▸ Problem to work on
Return the lines of the data below, from the one containing "デザイナーコメント: 前後差" through the very last, exactly and with both ends included; no pictures.

▸ Given records
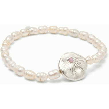 Elevate your spirit with tokens of affirmation! Natural rice pearls are intertwined with organically shaped medallions on each bracelet.
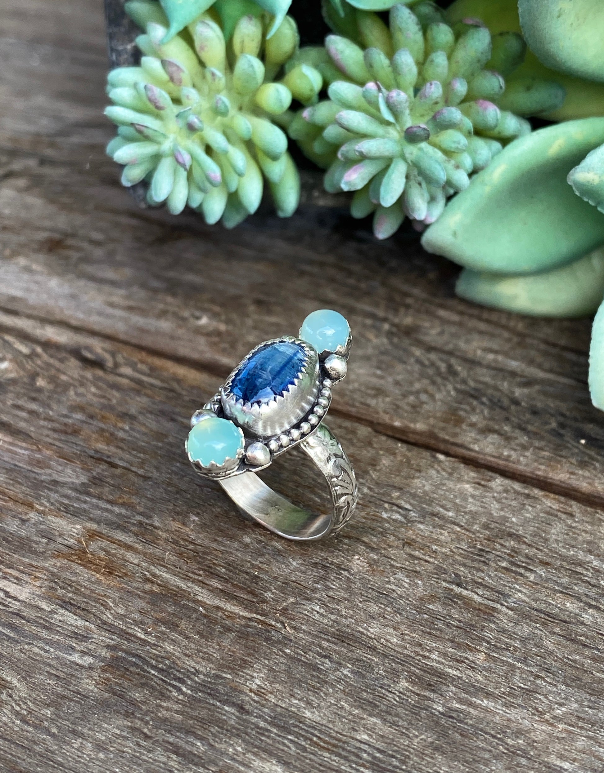 Triple Gemstone Ring - Blue Kyanite and Sea Green Chelcedony Ring
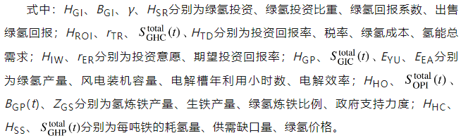 为进一步得到定量结论,在因果关系图的基础上,识别各因素的变量属性,细化因素间的数量关系,确定绿电-氢能-钢铁冶炼耦合系统的结构方程。
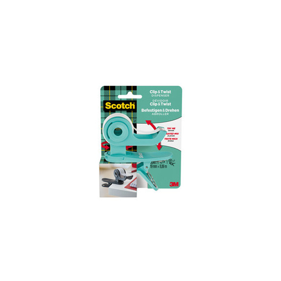 Dispenser Clip & Twist - per nastri 33 m - rotolo da 1,9 cm x 9,8 m incluso - grigio - Scotch
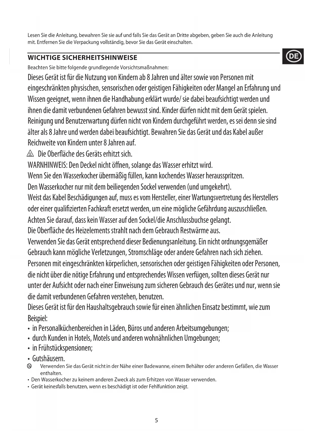 - Den Wasserkocher zu keinem anderen Zweck als zum Erhitzen von Wasser verwenden.
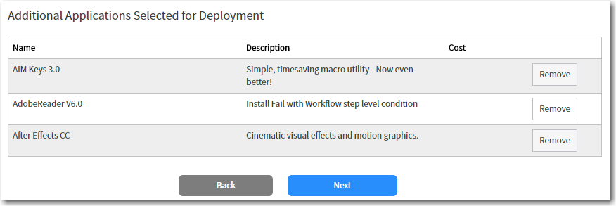 10. Select the additional applications that you want to migrate and then click Add Applications . The applications are added to the Additional Applications Selected for Deployment table at the bottom of the panel.
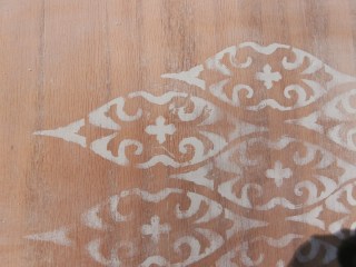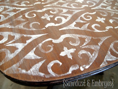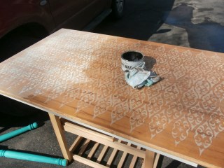 I sanded the tabletop lightly just to take the finish off. I then found the middle and began stenciling with a mix of Annie Sloan’s Old White and French Linen Chalk Paints.
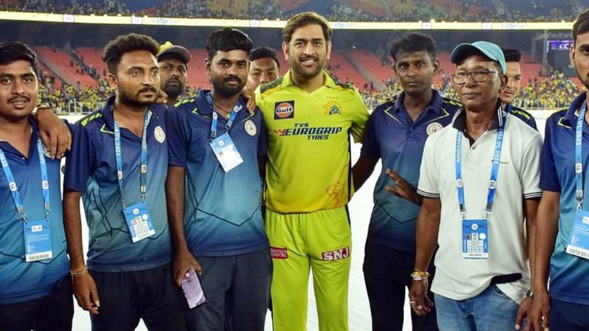 ஆனால் அதற்கு தோனி எதுவும் சொல்லாமல் அனைவருடன் மகிழ்ச்சியாக நின்று புகைப்படம் எடுத்துக் கொண்டார். இதனை பார்த்த ரசிகர்கள் நெகழ்ச்சி அடைந்தனர். இந்தப் போட்டி நடக்க காரணமாக இருந்த மைதான பராமரிப்பாளர்களை அனைவரும் மறந்த நிலையில் தோனி மட்டும் அவர்களுடன் புகைப்படம் எடுத்துக் கொண்டு உரிய அங்கீகாரத்தை வழங்கி இருப்பதாக ரசிகர்கள் பாராட்டியுள்ளனர்.
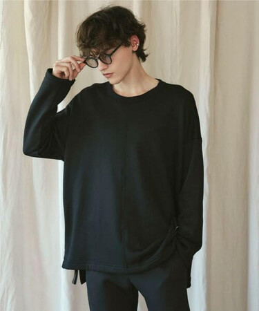 デザイナーコメント: 前後差のあるサイドスリットが特徴的なプルオーバースウェット。
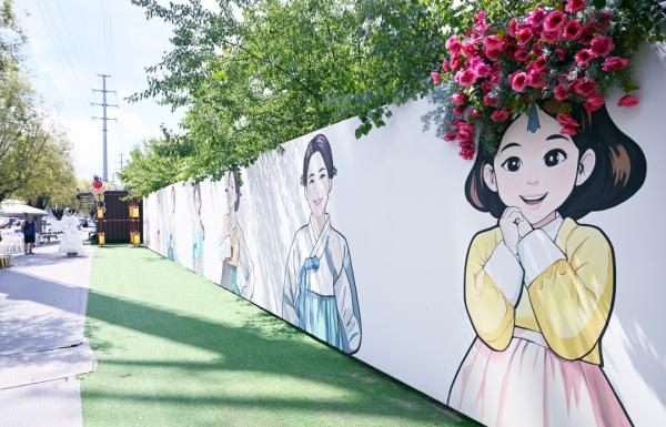 近日,中國(guó)朝鮮族民俗園美食街新增一處亮眼景觀——美辰打卡墻。墻上繪制了7名身著朝鮮族傳統(tǒng)服飾、頭頂各式鮮花裝飾的少女形象,吸引了眾多游客駐足拍照,成為園區(qū)又一熱門打卡地。這一創(chuàng)意源于延邊春天傳媒項(xiàng)目團(tuán)隊(duì)在網(wǎng)上看到的一幅老墻繪畫作品。畫面中人物與墻面環(huán)境的融合感給了團(tuán)隊(duì)靈感,他們?cè)诖嘶A(chǔ)上延伸思考,結(jié)合民俗園的文化特色,決定以朝鮮族服飾為核心元素,打造美辰打卡墻。傍晚時(shí)分,中國(guó)朝鮮族民俗園美食街的美辰打卡墻前,仍聚集著拍照的游客。
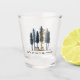 Need a little mental escape to decompress from the daily grind? Why not go off-the-grid and head out into the woods and sleep under the stars. This whimsical cartoon camping shot glass features a pup tent pitched under tall pine trees in front of a cozy campfire with swirling wisps of smoke.
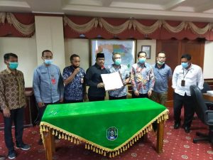 TERASNKRI.COM | Kaltara, Nunukan – Plt. Kepala Balai Prasarana Permukiman Wilayah Kalimantan Utara Johannes Wahyu Kusuma Susanto mewakili Direktorat Jenderal Cipta Karya Kementerian PU PR dan PLT. Bupati Nunukan IR. H.Faridil Murad, SE.,MM menandatangani Berita Acara Serah Terima (BAST) dan Naskah Hibah Aset Barang Milik Negara Sektor Air Minum di ruang kerja Plt. Bupati Nunukan, Jumat (23/10).
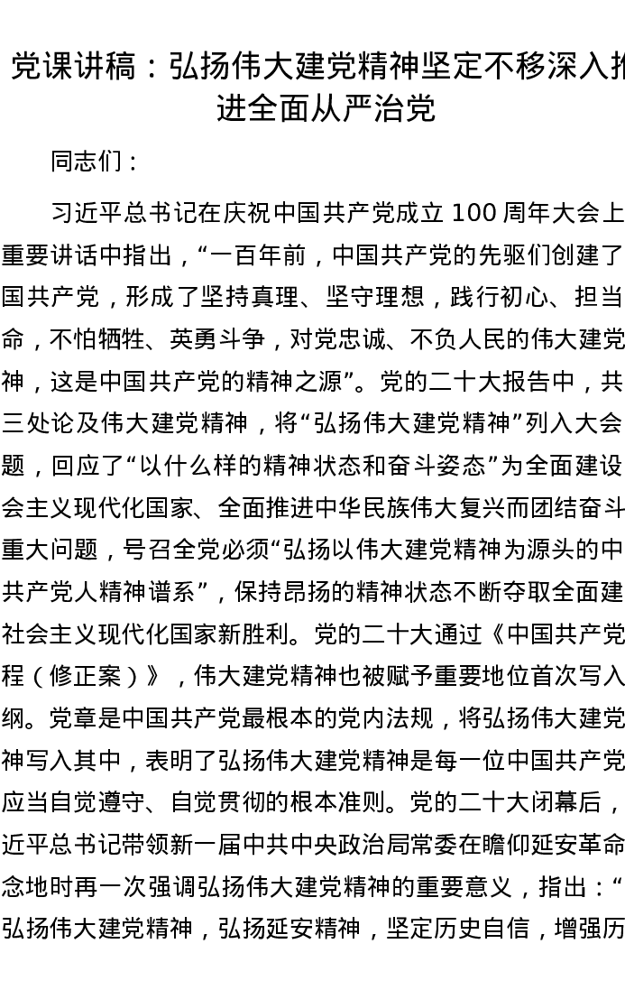 党课讲稿:弘扬伟大建党精神 坚定不移深入推进全面从严治党

▸ Output
 デザイナーコメント: 前後差のあるサイドスリットが特徴的なプルオーバースウェット。
 近日,中國(guó)朝鮮族民俗園美食街新增一處亮眼景觀——美辰打卡墻。墻上繪制了7名身著朝鮮族傳統(tǒng)服飾、頭頂各式鮮花裝飾的少女形象,吸引了眾多游客駐足拍照,成為園區(qū)又一熱門打卡地。這一創(chuàng)意源于延邊春天傳媒項(xiàng)目團(tuán)隊(duì)在網(wǎng)上看到的一幅老墻繪畫作品。畫面中人物與墻面環(huán)境的融合感給了團(tuán)隊(duì)靈感,他們?cè)诖嘶A(chǔ)上延伸思考,結(jié)合民俗園的文化特色,決定以朝鮮族服飾為核心元素,打造美辰打卡墻。傍晚時(shí)分,中國(guó)朝鮮族民俗園美食街的美辰打卡墻前,仍聚集著拍照的游客。
 Need a little mental escape to decompress from the daily grind? Why not go off-the-grid and head out into the woods and sleep under the stars. This whimsical cartoon camping shot glass features a pup tent pitched under tall pine trees in front of a cozy campfire with swirling wisps of smoke.
 TERASNKRI.COM | Kaltara, Nunukan – Plt. Kepala Balai Prasarana Permukiman Wilayah Kalimantan Utara Johannes Wahyu Kusuma Susanto mewakili Direktorat Jenderal Cipta Karya Kementerian PU PR dan PLT. Bupati Nunukan IR. H.Faridil Murad, SE.,MM menandatangani Berita Acara Serah Terima (BAST) dan Naskah Hibah Aset Barang Milik Negara Sektor Air Minum di ruang kerja Plt. Bupati Nunukan, Jumat (23/10).
 党课讲稿:弘扬伟大建党精神 坚定不移深入推进全面从严治党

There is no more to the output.